The latest data of the Bangladesh Bureau of Statistics (BBS) shows that while gross domestic product (GDP) growth is estimated to have seen a slight rebound in the current fiscal year (FY) 2023-24 compared to FY 2022-23, the investment-to-GDP ratio remains low.

The Bangladesh economy grew at a rate of 5.89 per cent in the current FY 2024, recovering from a fall to 5.78 per cent in FY 2023 due to the economic downturn.

Latest BBS data shows that the investment-to-GDP ratio in the current FY 2024 is estimated at 30.98 per cent, which is almost identical to the 30.95 per cent recorded in FY 2023.

The FE analysis shows that public and private sector investments have behaved inversely over the years, leading to a lower overall investment trend.

Usually, when public investment in infrastructure and social services increases, the investment climate improves, attracting local and foreign investors.

However, the government's incremental public investment-to-GDP ratio has yet to reach the much-anticipated level.

The FE analysis found that public investment compared to GDP has been rising year-on-year since FY 2016.

The public investment-to-GDP ratio for infrastructure and social services rose from 6.96 per cent in FY 2019 to 7.29 per cent in FY 2020, 7.32 per cent in FY 2021, and 7.53 per cent in FY 2022.

However, the public investment-to-GDP ratio dipped to 6.77 per cent in FY 2023 before rebounding to 7.47 per cent in FY 2024.

In contrast, private investment-to-GDP ratio has followed a downward trend over the past few years.

The private investment-to-GDP ratio stood at 25.25 in FY 2019. It then fell sharply to 20.24 in pandemic-troubled FY 2020 and then to 23.70 in FY 2021, BBS data shows.

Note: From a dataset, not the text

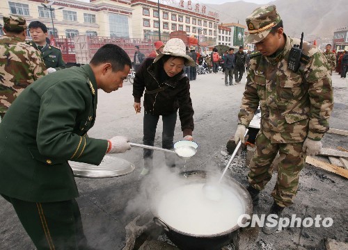 戰(zhàn)士為玉樹信眾清理地震廢墟中的法器

There was a slight recovery in FY 2022 to 24.51 per cent, but the ratio has since started to decline again. The latest BBS figures show it was recorded at 24.18 per cent in FY 2023 and 23.51 per cent in the current FY 2024.

Dhaka University economics Professor and South Asian Network on Economic Modeling (SANEM) Executive Director Dr Selim Raihan told the FE that the incremental public investment has clearly failed to attract investment from both domestic and foreign sources.

"Usually, higher public investment crowds in private investment," Dr Raihan said. "But Bangladesh's investment trajectory is behaving differently. This raises serious questions about the quality of public investments."

While the completion of megaprojects may lead to some environmental and climatic improvements, Dr Raihan said these projects remain unfinished for many years, with rising costs and time delays.

Besides, import restrictions, taka depreciation, higher inflationary pressures and weak monetary policy implementation have also adversely affected investment in Bangladesh, the economics professor added.

Former World Bank lead economist Dr Zahid Hussain agrees that a lack of quality public investment is frustrating improvement in the country's investment climate.

And the incremental public investment is failing to lift the overall investment-to-GDP ratio in Bangladesh, he added.